Ozzie grew up in Chicago, Illinois, later moving to Park Ridge, Illinois. He graduated from Maine South High School in 1973 where, in 1969, he learned to program on a GE-400 mainframe and an Olivetti-Underwood Programma 101.

In 1979, he received his bachelor's degree in computer science from the University of Illinois at Urbana-Champaign, where he worked on the PLATO system.

== Career ==
Ozzie began his career at Data General Corporation, where he worked for Jonathan Sachs. After leaving Data General, he worked at Software Arts for Dan Bricklin and Bob Frankston, the creators of VisiCalc, on that product and TK Solver.

He was then recruited by Sachs and Mitch Kapor to work for Lotus Development to develop what became Lotus Symphony.

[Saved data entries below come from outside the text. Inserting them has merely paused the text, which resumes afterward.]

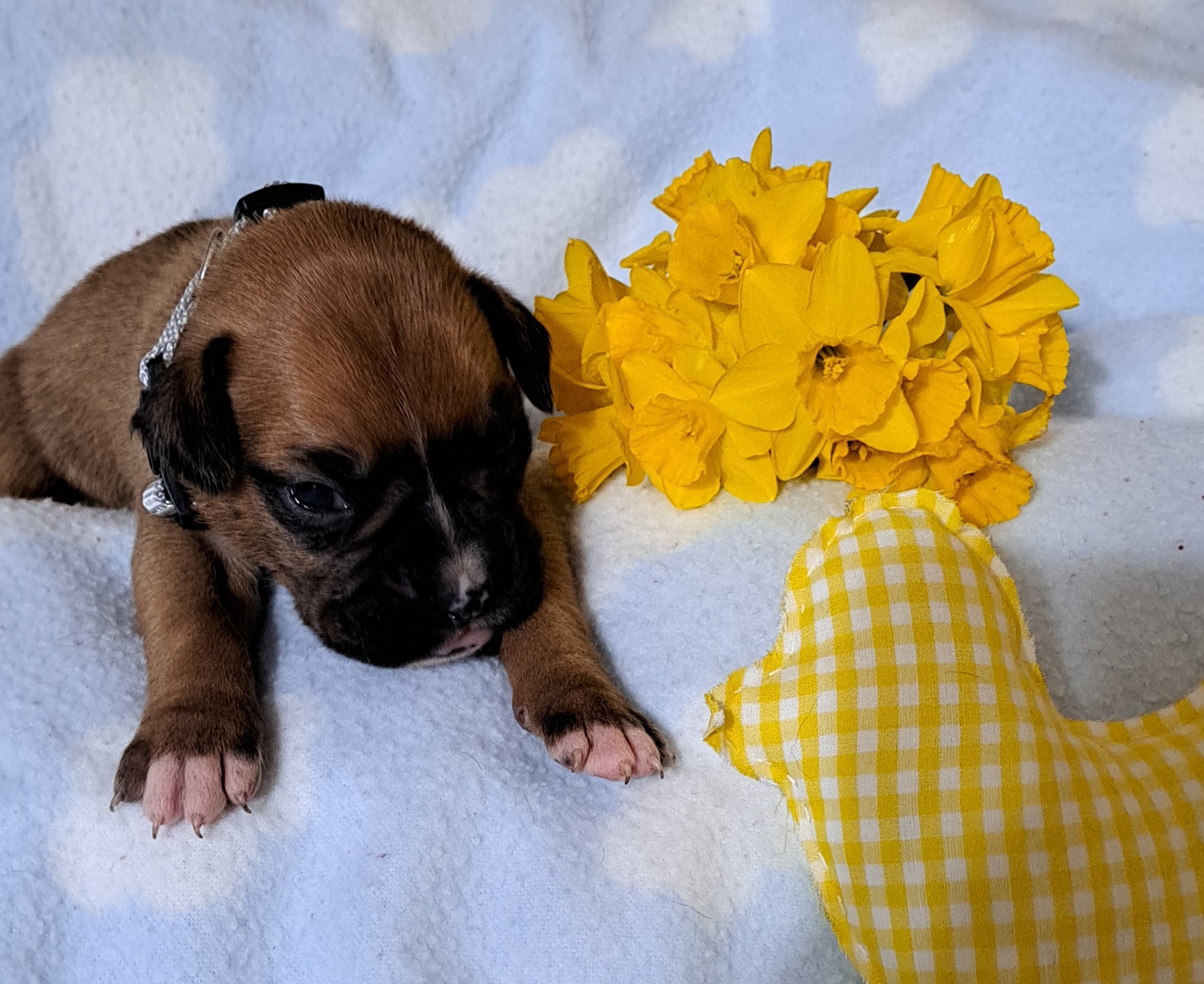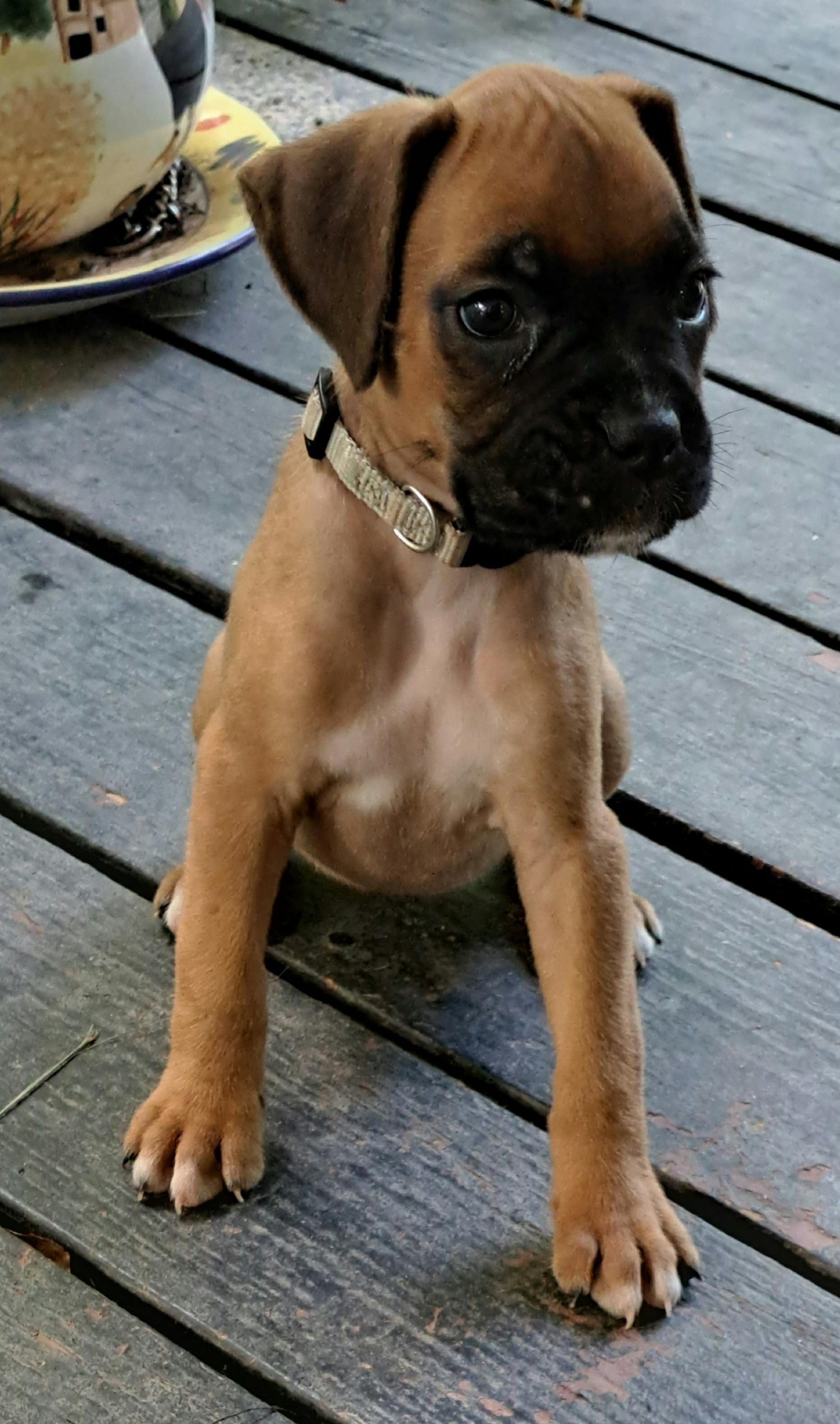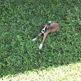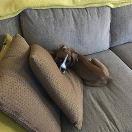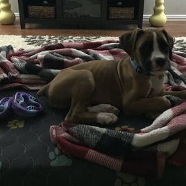 We LOVE our new fur-baby, Lenny! He's so much fun, is super cute, and just a true sweetheart. Leslie loves her dogs, and she's so knowledgeable about boxers and generously shared and advised on the care for our boy. She did an outstanding job with his initial training (potty-training on the pee pads, socialization with people and other dogs, non-aggressive behavior, and he enjoys listening to music). Lenny continues to learn and grow beautifully. It was a sincere pleasure and relief to work and communicate with Leslie. And we enjoyed getting the pictures and videos prior to picking up our little one. Thanks so much!!! And thanks Good Dog for your platform!
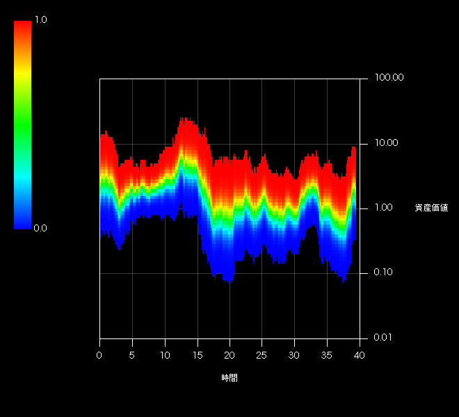 この大陸棚のような分布がリスクの時間変化を表します。MSCI JAPANの1969/12/31から2014/06/30までのMonthly/Gross時系列をベースとしています。5年間の年率リスクリターンから5年後の時間リスクの累積分布を求め、それを1ヶ月ずつ時間軸方向にずらして描画した474本(39.5年)のナイアガラです。ある時刻におけるスライス1枚1枚が累積分布に相当します。時間軸は1974/12/31をゼロとして年単位でスケールしています。
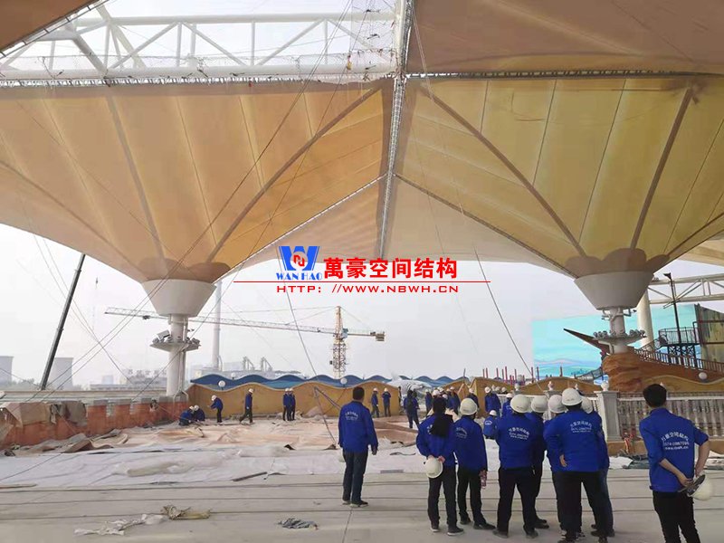 ? 聊城歡樂小鎮七彩云朵項目膜結構工程倒傘型最大單體8千平米,落地立柱最高60米,直徑1.2米,最大懸挑36米,項目創造了國內文旅商業類屋頂倒傘類之最。燈光已經進入安裝調試階段,五彩繽紛的造型在夜幕中綻放更有獨占鰲頭的磅礴氣勢。領導肯定的說該項目在當地10年內再無其他項目超越,自信和自豪并存,膜結構項目得到業主總指揮及相關管理部門的高度評價和認可,極大的鼓舞了現場施工氣氛與斗志,對現場要求再接再厲一氣呵成,爭做經典之作。
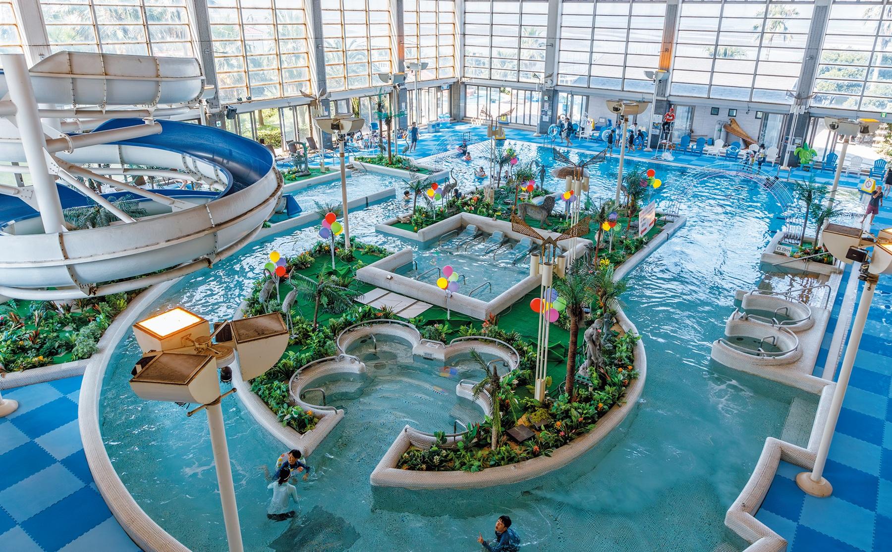 屋内プール「アクアパーク」は天気を気にせず遊べるところがポイント。流れるプールやウォータースライダーなどアトラクション要素も満載。
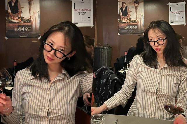 공개된 사진 속 김다솜은 안경은 쓴 채 술집을 찾은 모습이다. 스트라이프 셔츠를 입고 와인 잔을 들고 있는 김다솜이 카메라를 응시하고 있는 가운데, 셔츠 단추 사이가 벌어져 있는 모습이 시선을 강탈한다.
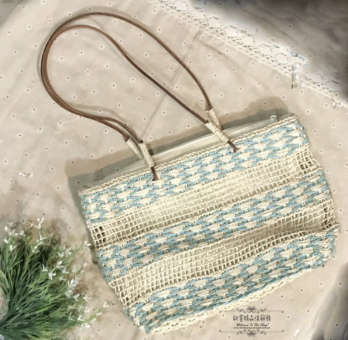 優寶購物《ubao.Tw》特貨品商城,黑貓宅配,取貨付款,~*歐室精品傢飾館* ~海洋風 單肩 簡約 簍空 度假 ins風 海邊 沙灘 度假 編織 草編包 藍白 ~新款上市~ | Yahoo拍賣

Ozzie left Lotus Development in 1984 and founded Iris Associates to create the product later sold by Lotus as Lotus Notes, based in part on his experiences using the PLATO Notes group messaging system. Iris Associates was acquired by Lotus in 1994, and Lotus itself was acquired by IBM in 1995.

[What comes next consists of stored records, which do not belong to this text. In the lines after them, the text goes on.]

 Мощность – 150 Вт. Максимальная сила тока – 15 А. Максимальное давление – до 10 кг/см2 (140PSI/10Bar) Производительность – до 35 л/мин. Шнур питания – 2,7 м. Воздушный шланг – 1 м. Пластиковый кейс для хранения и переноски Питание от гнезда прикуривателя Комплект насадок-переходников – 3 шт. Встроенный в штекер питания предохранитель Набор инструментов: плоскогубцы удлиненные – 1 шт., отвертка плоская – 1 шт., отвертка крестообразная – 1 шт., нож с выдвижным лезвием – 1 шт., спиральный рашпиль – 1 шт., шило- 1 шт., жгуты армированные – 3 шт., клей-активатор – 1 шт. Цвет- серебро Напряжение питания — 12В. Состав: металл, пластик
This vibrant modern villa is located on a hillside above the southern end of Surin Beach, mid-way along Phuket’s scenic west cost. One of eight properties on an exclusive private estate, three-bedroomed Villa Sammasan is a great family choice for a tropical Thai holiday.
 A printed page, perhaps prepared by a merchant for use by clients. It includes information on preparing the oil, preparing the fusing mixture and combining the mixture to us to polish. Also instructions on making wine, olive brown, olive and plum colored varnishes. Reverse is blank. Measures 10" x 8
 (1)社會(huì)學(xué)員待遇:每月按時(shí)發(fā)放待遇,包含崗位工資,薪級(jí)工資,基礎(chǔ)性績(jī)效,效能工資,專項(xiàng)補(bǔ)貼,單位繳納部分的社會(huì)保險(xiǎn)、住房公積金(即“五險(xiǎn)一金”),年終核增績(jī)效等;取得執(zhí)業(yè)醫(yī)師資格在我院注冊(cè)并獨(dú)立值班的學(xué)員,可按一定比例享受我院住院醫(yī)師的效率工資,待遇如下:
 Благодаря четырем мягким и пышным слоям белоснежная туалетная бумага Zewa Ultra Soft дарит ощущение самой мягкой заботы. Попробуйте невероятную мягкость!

Ozzie's early career and ideas about programming are described in the book Programmers at Work, a collection of interviews published by Microsoft Press.

Ozzie worked for Lotus and IBM for several years before leaving in 1997, to form Groove Networks. Groove was acquired by Microsoft in 2005, where Ozzie became one of three Chief Technical Officers. That year, he wrote a seven-page, 5,000-word internal memo, titled The Internet Services Disruption.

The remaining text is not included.